A-t-il donc été rémunéré pour tuer Jean-Baptiste Decomble ? Ou s’agissait-il simplement d’une dette de jeu entre les deux hommes ? Et comment a-t-il pu disparaître aussi facilement ? S’est-il fait exfiltrer ? Les archives resteront désespérément mutiques sur ces sujets…
Quoiqu’il en soit, les registres de l’enregistrement des cartes de sûreté, conservés aux Archives nationales (cote F7/4799) révèlent l’existence d’un certain Jean-Pierre Véret, recensé à Paris le 14 août 1793. Tout concorde : le nom, l’âge et même le lieu de naissance ! On y apprend qu’il vit à Paris depuis 1787 (rue de la Vieille-Monnaie, puis dans le quartier du Luxembourg) où il est cordonnier, comme l’était son père.
Un fragment du bailliage de Bapaume
Le bailliage de Bapaume ressortissait immédiatement au Conseil provincial d'Artois.

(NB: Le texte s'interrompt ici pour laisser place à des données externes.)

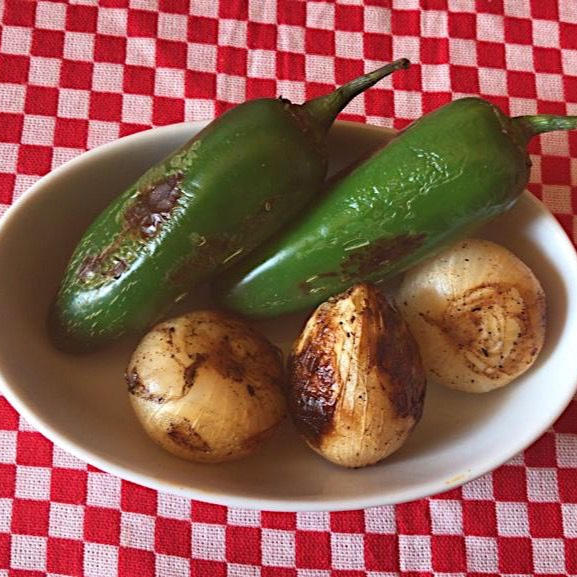 2 pollos asados medianos, 1 complemento, 1 salsa roja, 1 paquete de tortillas hechas a mano y 1 orden de cebollas con chiles asados.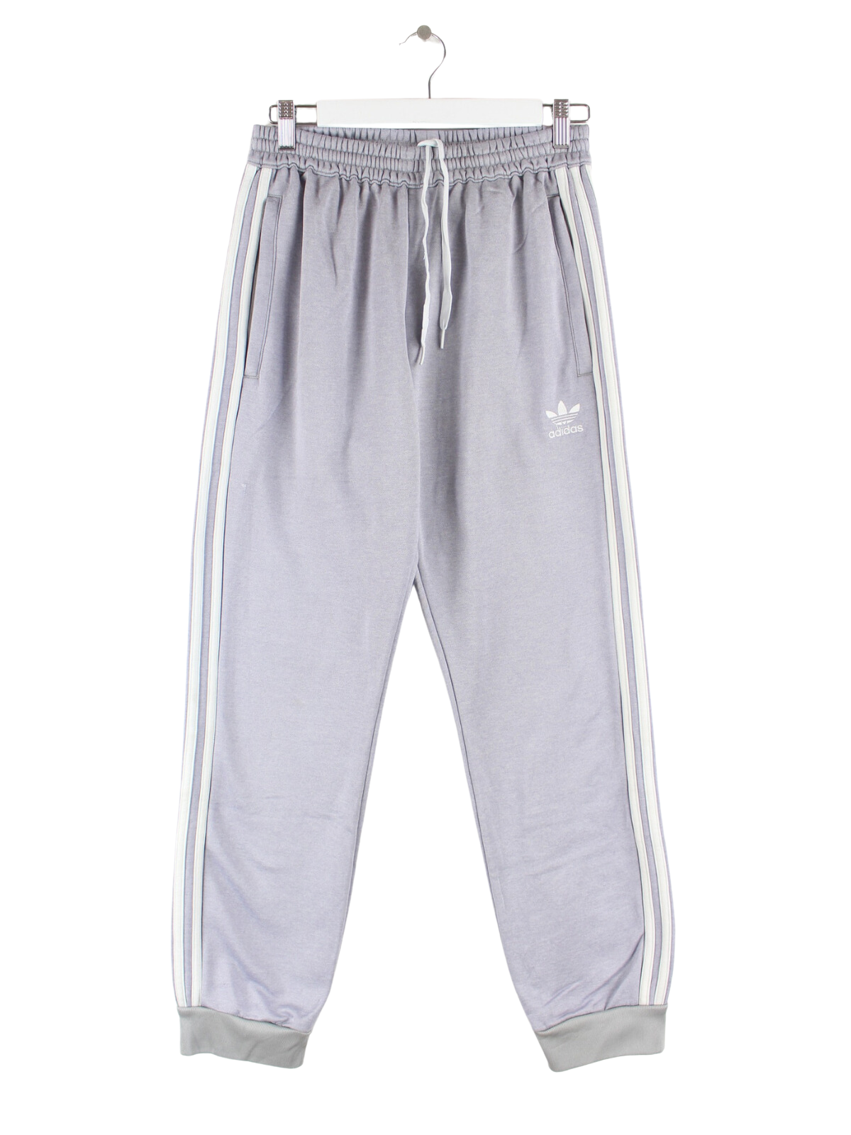 Track Pants vom Label Adidas in Größe M. Sie sind aus Synthetik und in Grau im Bestand.

Toutefois, à l'instar d'Hesdin, Bapaume était aussi le siège d'une juridiction des fermes qui ressortissait à la Cour des aides de Paris et qui avait en particulier la mission de sanctionner la contrebande sur la frontière picarde.
Son ressort était cerné à l'ouest, au nord et à l'est par la gouvernance d'Arras et au sud par le bailliage de Péronne. Fort d'une ville d'environ 5 000 habitants en 1790, et de 71 communautés, cette circonscription comptait environ 21 000 habitants. Il existait deux enclaves dans ce bailliage : celle d'Achiet-le-Petit relevant de la gouvernance de Béthune et celle de Villers-au-Flos, relevant du bailliage de Péronne en Picardie. C'est d'ailleurs peut-être pour cette raison que Jean-Pierre Véret s'est rendu à Villers-au-Flos, le lendemain de sa dispute.
Le corps des officiers était classiquement composé : du grand bailli qui assurait aussi les fonctions de "chef de la ville", d'un lieutenant-général (ici, Ignace Joseph Delphin Haudouart), du procureur du roi, d'un substitut de procureur, d’un greffier (Josse François Vitel), d'un commis assermenté, d’un huissier-audiencier et de cinq sergents.
Le fonds du bailliage de Bapaume a, malheureusement, subi le même sort que la plupart des fonds de juridiction d'Ancien Régime conservés aux Archives départementales du Pas-de-Calais. Les 84 registres, du XVIe au XVIIIe siècle, qui le composaient ont tous disparu lors de l'incendie du palais Saint-Vaast des 5 et 6 juillet 1915. Les pièces présentées aujourd'hui proviennent, quant à elles, de la collection du bibliophile Philippe Zoummeroff (1930-2020), dispersée en 2014.